Obama's plan to bail out everything is making the bond markets nervous. The yield on 10-year Treasuries had shot up almost a full percentage point since the end of December. This pushes up the cost of borrowing for everyone, but more importantly for the government and Fannie Mae and Freddie Mac, the US housing giants, just when they'll need to borrow most.
The US is already facing a $1 trillion deficit this year, without even factoring in the cost of the stimulus bill, some $800 billion plus, or the coming bank bailout, likely to be somewhere similar, though these will be stretched out over several years. Still, dude, that's a lot of fucking debt.
One actual bright side of the financial crisis has been that people have piled into safe assets like US Treasuries en masse, driving down the immediate cost of borrowing since investors have merely sought a return of capital, rather than a return on it. This, obviously, will not last.

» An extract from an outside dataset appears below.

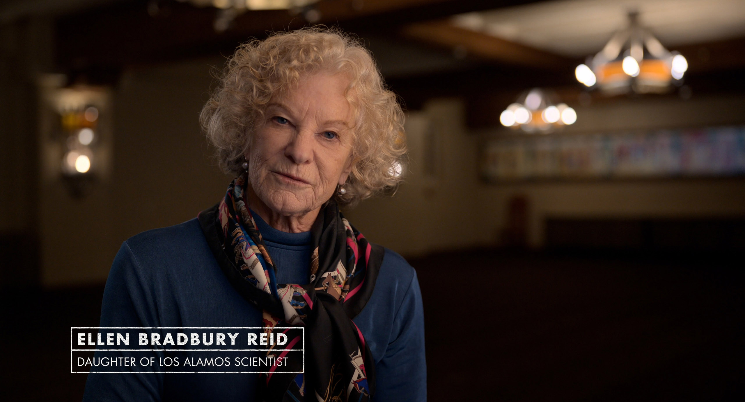 Interviewees are treated as storytellers, addressing the viewer directly with eyeline to camera. A sliding second camera allows for emphasis without breaking that relationship. Since we already knew we’d be filming at Oppenheimer’s Los Alamos home and other Manhattan Project sites, locations for the interviews were carefully chosen for their ability to feel historically plausible to the period, placing each storyteller in a space that carries its own sense of time and memory.
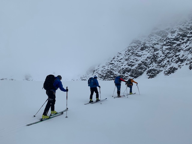 Die Wolken wurden immer dichter und die Sicht schlechter aber trotzdem haben wir alle eine kurze Skitour mit oder ohne Gipfel absolviert und sind anschließend in gutem Schnee bis zum Strand abgefahren.

A painful irony is that the measure of success against the financial crisis is investor's willingness to buy something else other than safe government securities. As they shift out of those, which is what we want, remember, they will inevitably push up government borrowing costs just after we've taken on those gargantuan debt levels. Moreover, any unwinding of global imbalances will require China to save less, meaning fewer purchases of US Treasuries, exacerbating government borrowing costs even further.
As I alluded to earlier, Ben Bernanke has an ace up it's sleeve to deal with this epic problem. Actually, he has an infinite number of aces up his everywhere. The Fed can print money and buy US government securities to drive rates back down, which it seems likely to do shortly. What this means long-term for the dollar and inflation prospects I don't even want to think about. Still, all very exciting.